萬斎の太郎冠者は初めてだ。上手でしたね。きっと今月はあちこちで萬斎狂言は中止になってしまったか。疲れた感じはなかった。
メインの能『藍染川』。勿論初めて、観世流と金春流で現行曲ではなるが、めったに上演されない。今回の出演者中で、大鼓の亀井広忠さんだけが経験者だと。でも、観世流の謡本を売っていたので、お稽古ではやっていたんでしょうね。
シテの出番が少ない。よく出るのは、ワキツレの左近尉と子方の梅千世。梅千世を演じた富坂唐くんは、シテ方の子ではなくて、中森貫太の弟子の小弟子らしい。ちょっと声が出ていなかったけど、きちんと演じていました。
ストーリーは、ワキ太宰府の神主が京に行っていた時、夜伽ぎの女に子供を作ってしまう、それを置いたままワキ神主は太宰府(福岡)に帰ってしまうが、子供が大きくなったので、跡取りにしてもらおうと前シテ母と子方梅千世とで太宰府へ。
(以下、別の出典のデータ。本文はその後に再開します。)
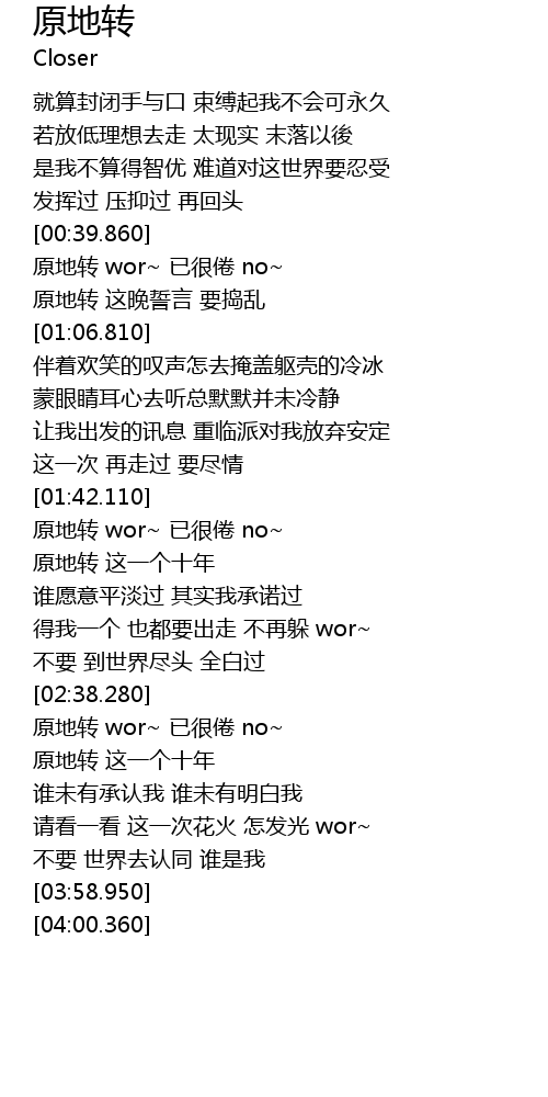 | [00:40.610] | 原地转 wor~ 已很倦 no~ |

泊まった宿の主であるワキツレ左近尉を介して、子ができた、二人で来ているという手紙をワキ神主に渡そうとするが、たまたま不在でアイ神主ノ妻が読んでしまって、子まで作ったか、跡取りにせよというかと激怒して、帰れという神主の偽の手紙を書き、前シテに渡す。酷く落胆して、前シテは藍染川に入水。子方も引き続いて入水せんとするが、ワキツレ左近尉にとどめられる。
舞台中央前・正中先に小袖が置かれて、これが、前シテ母の死体。『葵上』と同じ演出。
そんな騒ぎに時に、ワキ神主が帰ってきて、殺生禁断の河で漁をしているかと聞かせると、女が入水したと。で、前シテ母が書いたらしい遺言かな、手紙をワキ神主が読んで、事実を知って、悲しんで、子方梅千世と一緒に神式の祈り。この前に、作り物が出てきている。その中に後シテ天満天神が入っていて、鳴動して、登場。神の舞を謡って、舞って、どうやら梅千世の母は蘇生したらしい。よかったね。というモノ。
激怒して追い返した神主ノ妻はどうなっちゃうんだろう。
ストーリー優先のお能で、謡や、舞は大したことはない。よく知る能らしくはない能。
でも久しぶりの能会で楽しかったし、ストレス解消。2月23日の喜多流自主公演以来。18日ぶり。こんだけ長期に能から遠ざかったのは、初めてだなあ。
3月15日に梅若会別会が開催予定だ。